Problems to be Solved: I see three significant problems that need some work. First, as I already mentioned, the Mod Podge has a tendency to absorb the color and smear it around, which really detracts from the beauty of the spheres. Until I find a better solution, I just try to keep the outer printed surface dry and free from paste. A second problem is that the templates don't always fit the globes. I wonder if there was a manufacturing defect in my 3″ styrofoam spheres, because all the other templates fit their respective spheres just fine. One of my goals is to write a web app that lets you nudge the size of the template up or down to better match arbitrary manufactured spheres, but for now, if you find that the 3″ template doesn't fit your 3″ sphere, you'll just have to try a 2″ or 4″ sphere instead. The third ‘problem’ is relatively minor and to be expected. Even with this ‘petallized’ or ‘gored’ design, there is still sometimes a little bit of wrinkling in the paper at the edges of the gores. If you are careful, however, you can generally keep this to a minimum. It would be less of a problem with a larger number of gores, but then it would also be harder to cut out and to paste to the sphere without tearing the petals or getting them stuck in the glue before you can align them all.
Sticker Paper: As an alternative to decoupage, you can simply print the templates onto full-page sticker paper, such as this, then cut out the star-shaped stickers and place them on the base sphere.
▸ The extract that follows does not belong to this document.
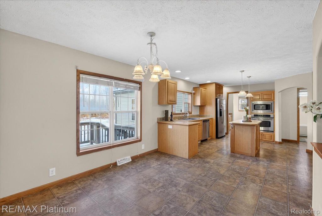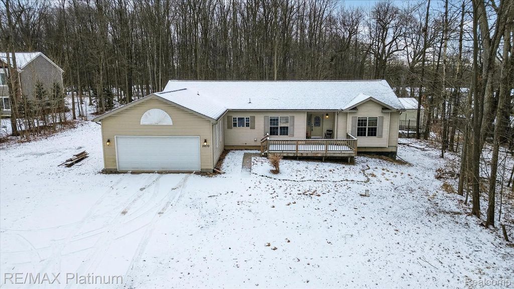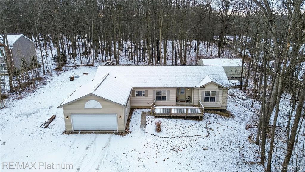 If a peaceful retreat with room to roam is what you're after, welcome home! 2670 E. Maple Rd in Milford Twp. offers 4.63 wooded acres"”plenty of space for your backyard dreams, plus a 32 x 24 pole barn and a roomy 2½-car attached garage for all your toys. Inside, you'll find 1,800 sq ft of ranch living (plus a full 1,800 sq ft basement with daylight and egress window"”so much space, you might need a map! Charming architectural touches like arched doorways and rounded drywall corners add a stylish flair. Every room is flooded with natural sunlight from large windows, making the whole place feel bright and welcoming. Perfect for entertaining, the kitchen features generous cabinets, counter space, a fab island, built-in appliances, a gleaming stainless steel range hood, and easy flow to the living room, front entry, and back deck"”great for gatherings or morning coffee with a view. Storage is no issue here"”the kitchen and laundry rooms are packed with cabinetry and even a handy pantry. Each of the three bedrooms is bigger than average and comes with a walk-in closet, so go ahead and bring your shoe collection! Don't miss the primary bedroom and its spacious bathroom"”seriously, "Wowzah!" is right. With 4.63 acres to play on, you could even start a hobby farm (just double-check the local rules), or simply enjoy being 1 mile from the Huron Valley Trail and MALT trail head, and just 2 miles from Lion Oaks Park, complete with a golf course, sports fields, dog park, and hiking and biking galore. Still want more? You're less than 5 miles from Wixom Habitat Trails, Gunnar Mettala Park, Downtown Milford's Central Park, Proud Lake Recreation Area, and Kensington Metro Park with a boat launch. This home is packed with space, style, and fun both inside and out. Don't let it slip away"”schedule your showing today and see how this special property could be the perfect fit for your next adventure!

This is simple and easy, though not quite as permanent or durable as pasting.
Regrettably, this example also illustrates the occasional mis-match that happens between the templates and the craft spheres. I measured my 3″ sphere, and discovered it was a tiny bit larger than 3″ … and it was composed of two hemispheres which were slightly mis-aligned, for some reason. Perhaps you can find higher quality craft spheres. As I mentioned, making a web app that lets you choose an arbitrary size is on my to-do list.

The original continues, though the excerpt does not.